Some names etc changed for anonymity!!
Daughter (13) is quiet and quite shy - always has been. Best friend since primary school (J) has been stable and her mum Anne and I are really close as well - supported each other through illness and bereavement, and when my child felt bullied and one of hers did too.
A year ago a new pupil arrived whose mum (lets call her Julie) was initially really full on (almost over friendly) but her daughter was a real stinker to mine, even to the point that other parents (including Anne!) Would comment on how this new kid would seem to blame and victimise my DD all the time at sleepovers, probably because she is so easy going and quiet. Julie went very cold very suddenly as soon as our children stopped getting along, and although I tried once to start up a conversation she cut me dead. I’ve been the same since then to her and found the whole situation really hurtful - something that I told Anne as well.

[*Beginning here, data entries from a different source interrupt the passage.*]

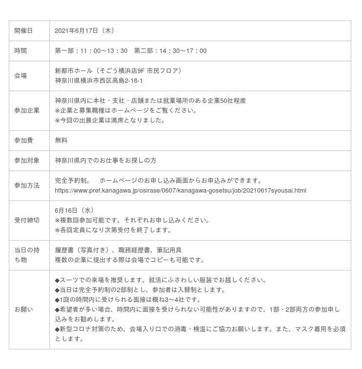 ◆かながわ合同就職面接会
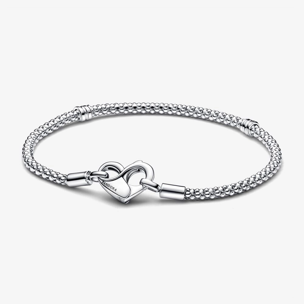 Update your collection with our new Pandora Moments Studded Chain Bracelet. Hand-finished in sterling silver, this bracelet features a flexible, textured chain and an infinity-detailed openable heart-shaped clasp with an interior infinity symbol. Please note: a maximum of 14-18 charms, dangle charms or pendants can be styled among the three sections divided by the threaders.
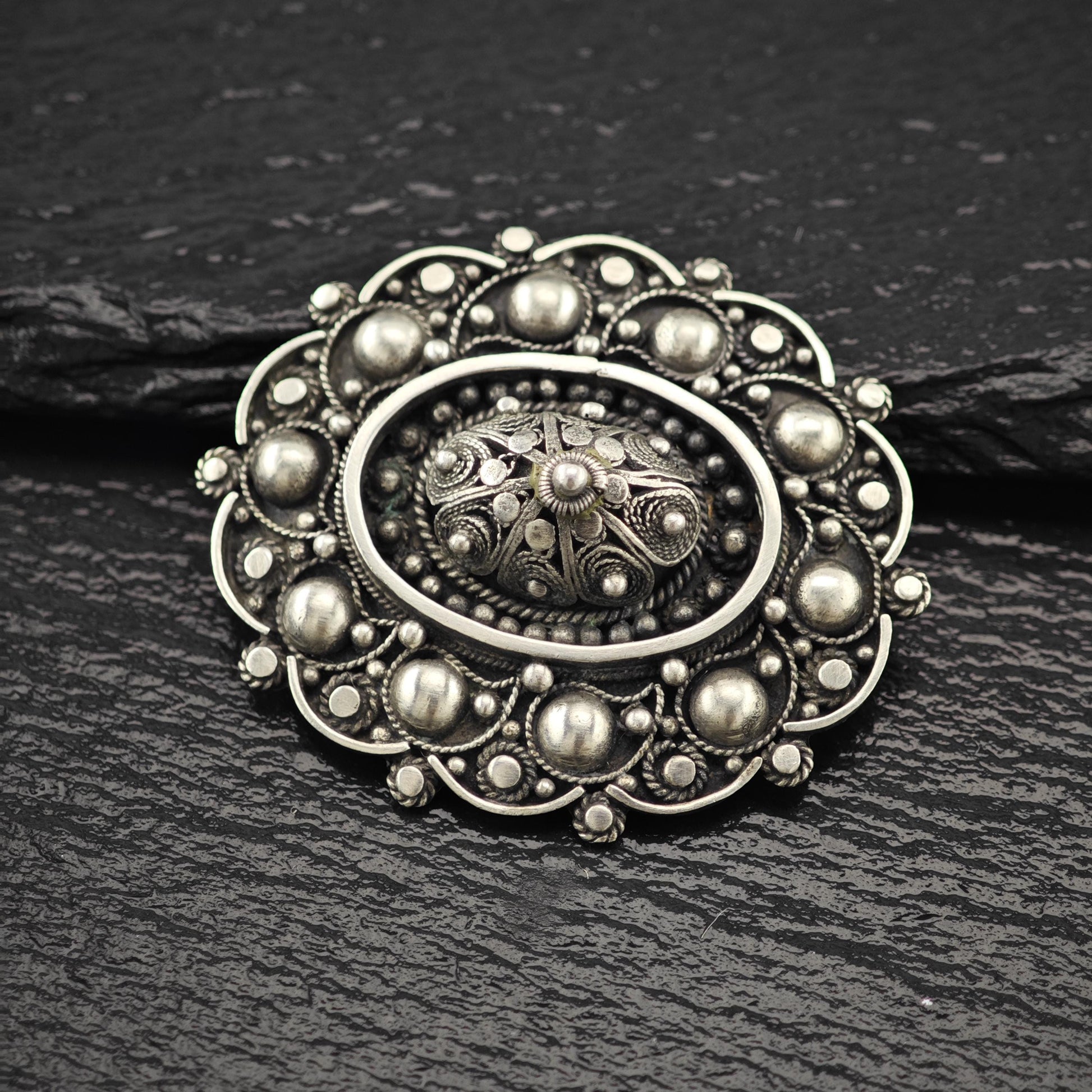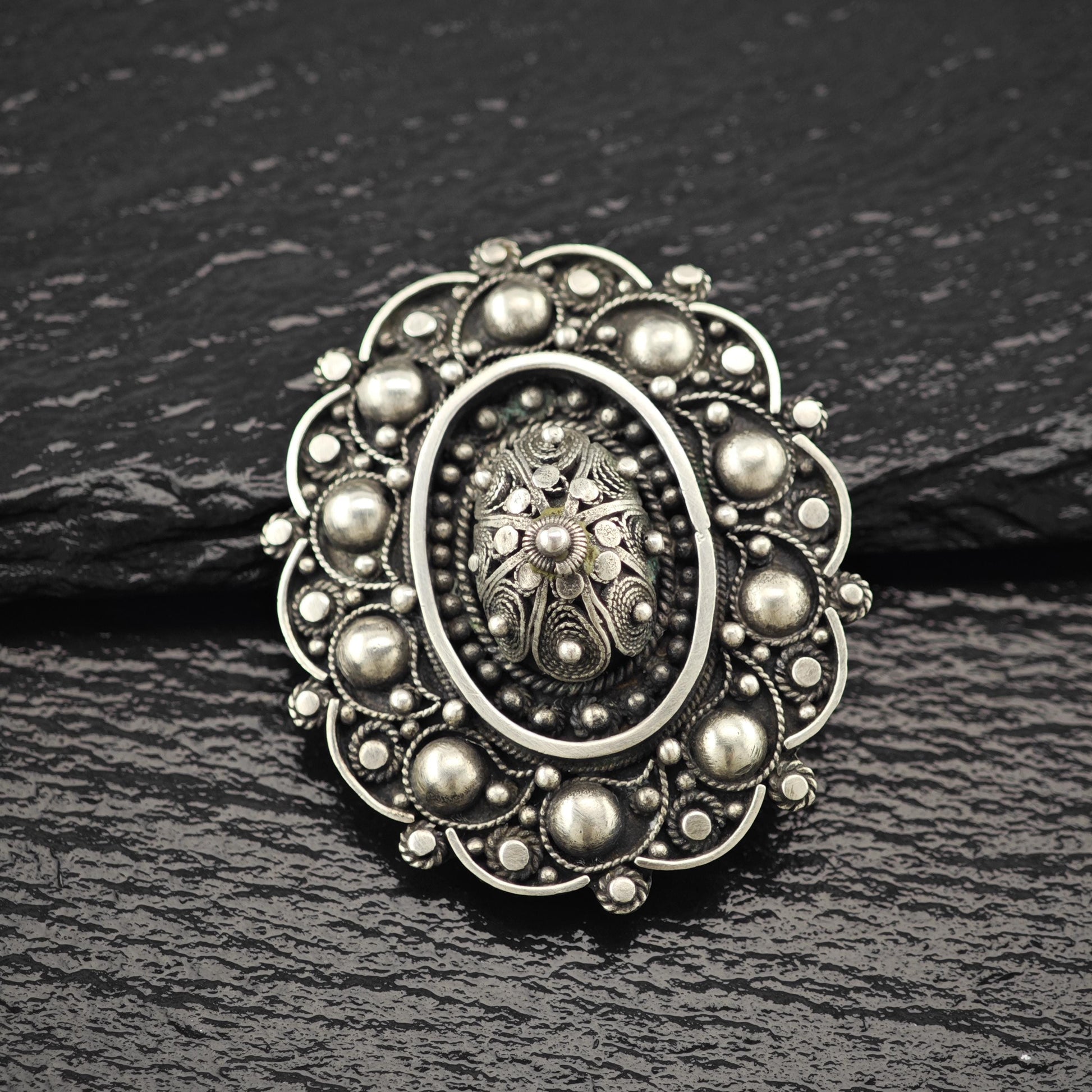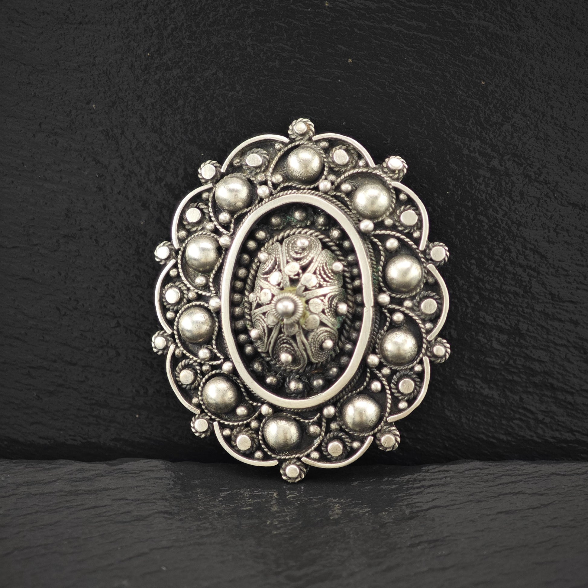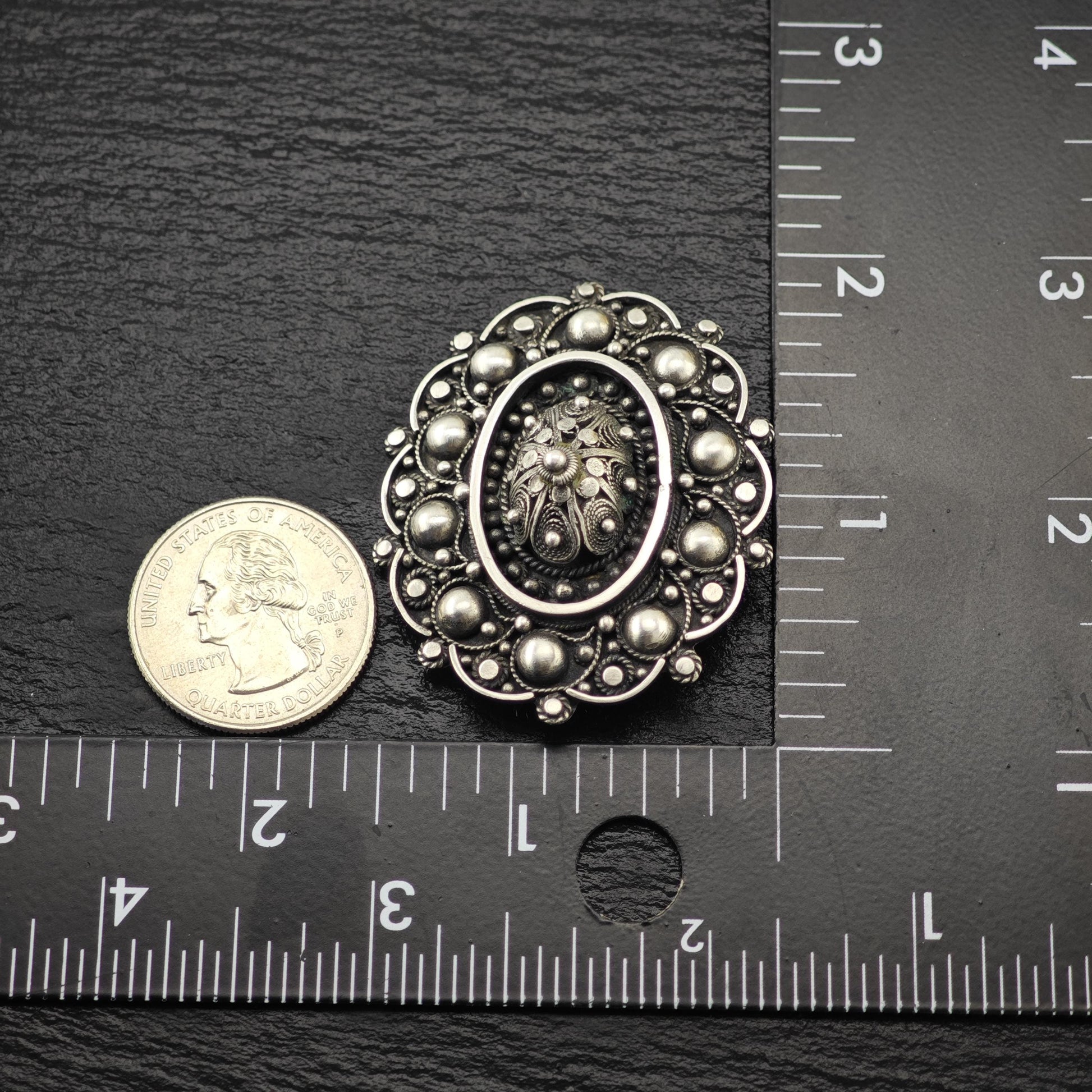 Silver Filigree Brooch Pendant: Vintage Sterling Jewelry
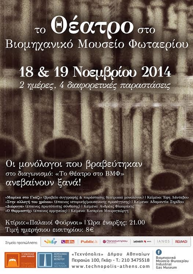 Την Τρίτη 18 Νοεμβρίου και την Τετάρτη 19 Νοεμβρίου θα επαναληφθούν οι παραστάσεις των τεσσάρων μονολόγων που βραβεύτηκαν από κοινό και επιτροπή στο πλαίσιο του διαγωνισμού «Το θέατρο στο Βιομηχανικό Μουσείο Φωταερίου» που διεξήχθη το Μάιο του 2014.
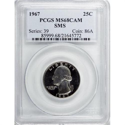 <B>1967 25C SMS MS68 Cameo PCGS.</B></I> PCGS Population (40/1). NGC Census: (59/0). (#85999)<BR><BR><b>Shipping:</b> Coins & Currency (<a target="_blank" href="http://www.heritageauctions.com/common/shipping.php">view shipping information</a>)
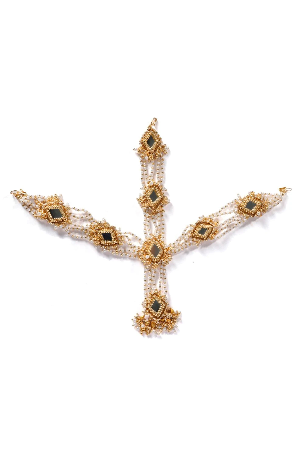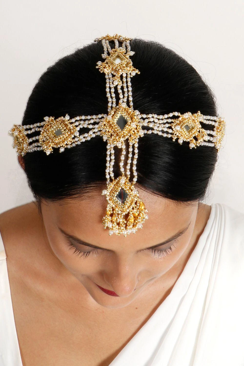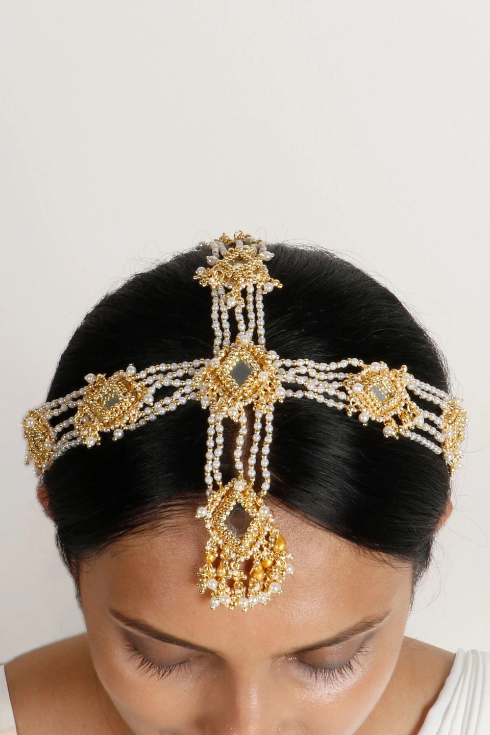 Elevate elegance with this gold finish mathapatti. Meticulously crafted, this piece embodies sophistication and grace, adding a touch of timeless beauty to your ensemble.
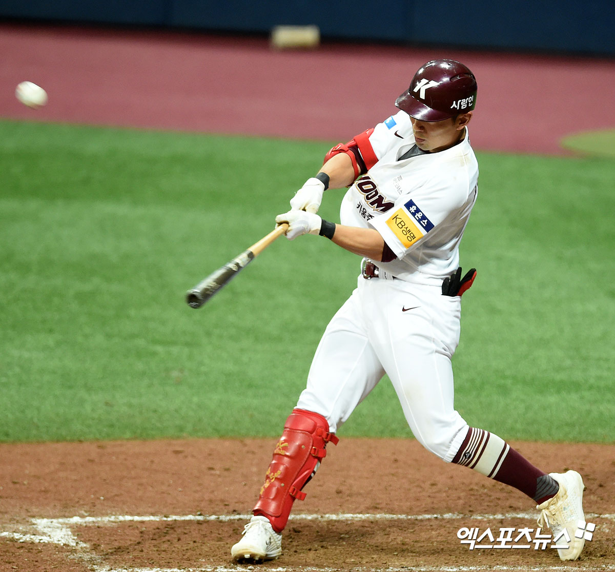 [엑스포츠뉴스 고척, 김한준 기자] 10일 오후 서울 구로구 고척스카이돔에서 열린 ‘2020 신한은행 SOL KBO 리그’ 한화 이글스와 키움 히어로즈의 경기, 7회말 무사 1,3루 키움 서건창이 역전 희생플라이를 날리고 있다.
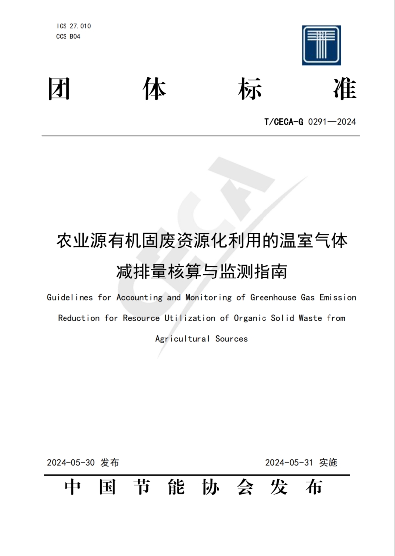 关于批准发布《农业源有机固废资源化利用的温室气体减排量核算与监测指南》等4项团体标准的公告链接: 中国节能协会 (cecaweb.org.cn)
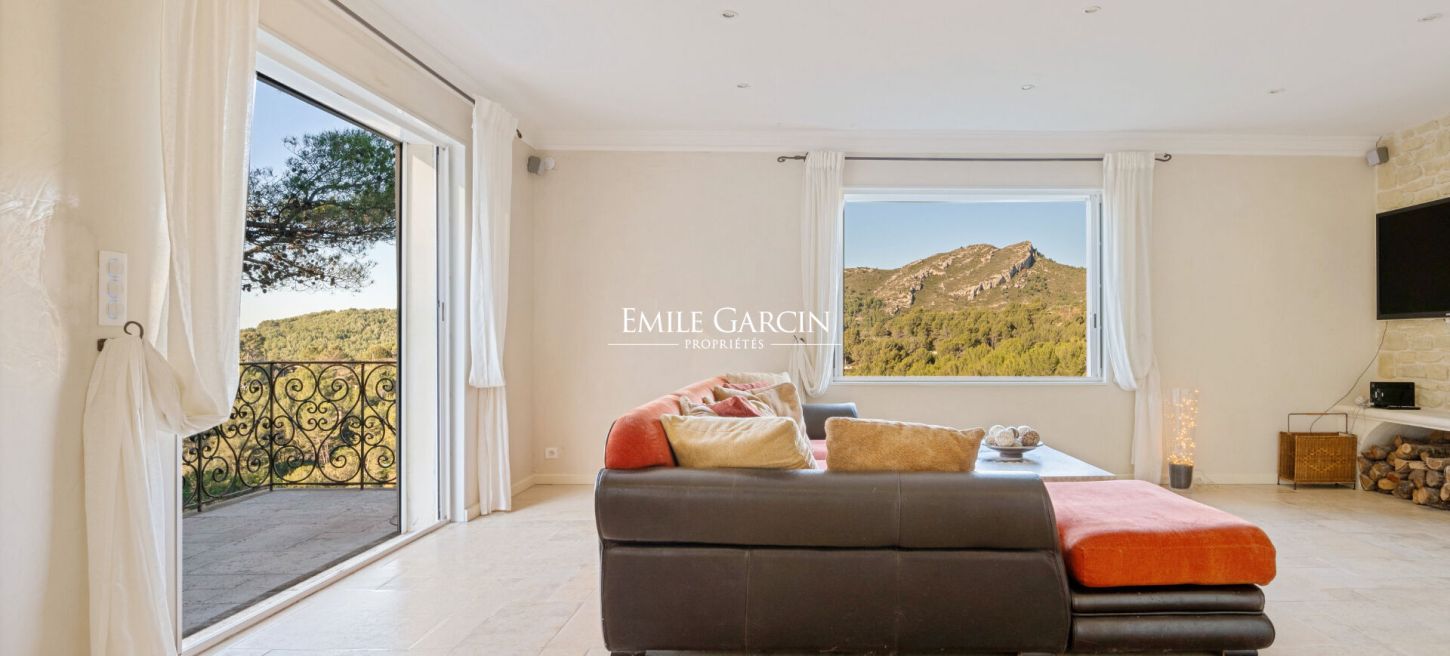 Sur un terrain arboré de 7 500m2 en zone verte, en position dominante, superbe bastide de style provençal de 350m2 , offrant une vue imprenable sur les collines du Garlaban chères à Marcel Pagnol.
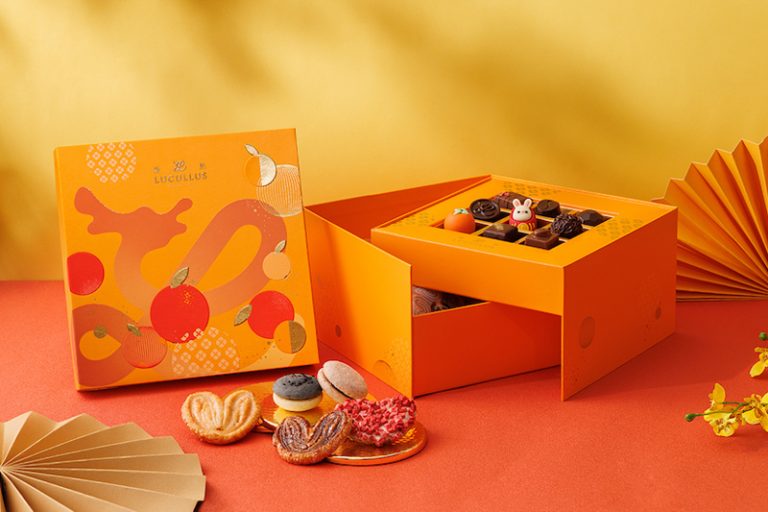 同慶2023年新春,龍島推出一系列以「Blooming Glamour」為主題的新春限定賀歲禮盒,每款禮盒的包裝都別具心思,盛載著滿滿的祝福。吉慶滿滿新春瑰麗禮盒(HK$539/盒)設計有如一個寶箱的雙層禮盒,橙色的包裝配上桔子圖案,寓意大吉大利,絕對是送禮之選。打開一看,盡是龍島精心挑選的瑰寶,上層盛載著9款不同口味的龍島手工朱古力 ,下層分別是5款不同口味的招牌馬卡龍曲奇及千層酥,最適合於新春佳節與親友共享。
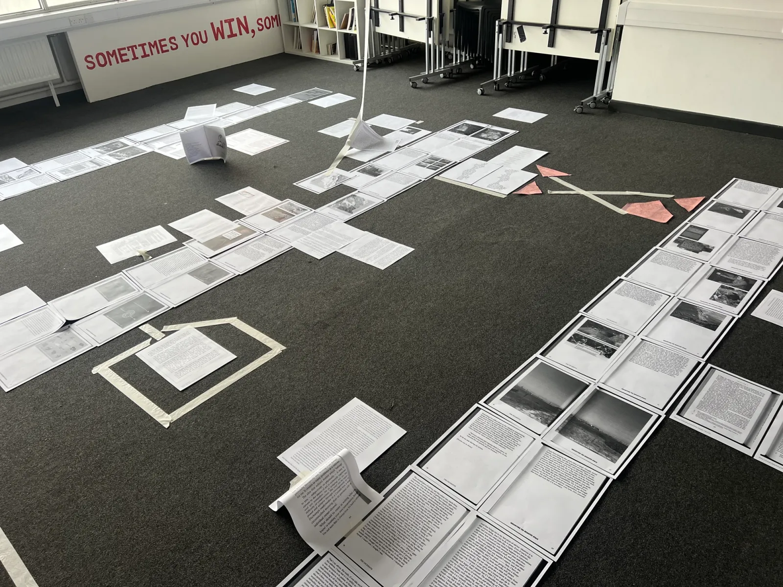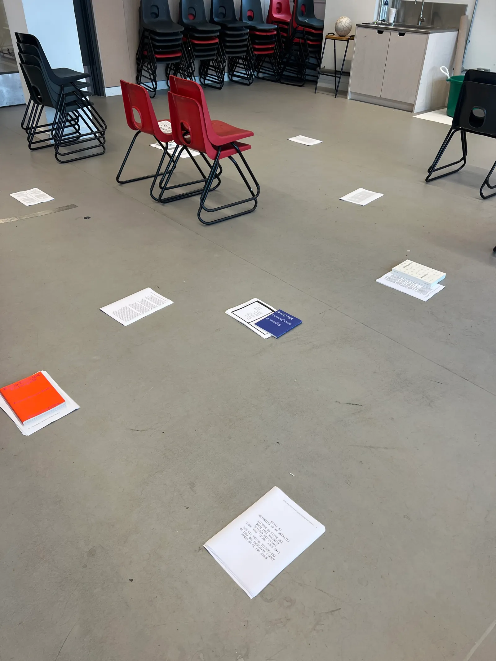 Performing Paratexts invited participants to perform the roles of title, subtitle, body text or image. Using movement and spatial arrangement, the group explored how meaning emerges through proximity, sequence and emphasis, revealing power structures embedded in publishing. Influenced by Johanna Drucker’s Diagrammatic Writing, the workshop positioned layout as performative, relational and critical rather than aiming for a final artefact.
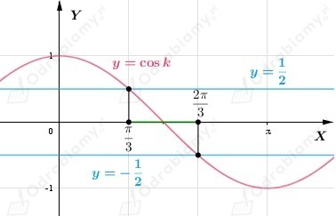 Z wykresu funkcji trygonometrycznej cosinus i tabelki wartości odczytujemy, że
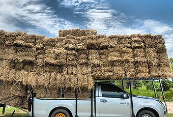 Il ne possède aucun équipement. Il doit donc faire appel à une moissonneuse qui lui prend 6000 bahts pour l'ensemble de sa terre. Et au camion du cousin qui prend 1200 bahts car les champs sont loin de la ferme. Ne t'inquiète pas, je traduirai en euros plus tard si tu es noyé.

So cut to today and I am giving J and my DD a lift to a Saturday club and my DD and I just had to sit through twenty minutes of being told how great this new film is and how several of them all had a sleepover with Julie’s daughter over the half term and all the great stuff they did. And I know that it might be that I’ve lost all my perspective here but I feel so sad for my DD who was really polite and didn’t say anything but I could tell she was upset. And I just felt that Anne and I were more that just school gate friend last but now I feel that I misjudged the relationship and feel a bit silly to be honest. AIBU?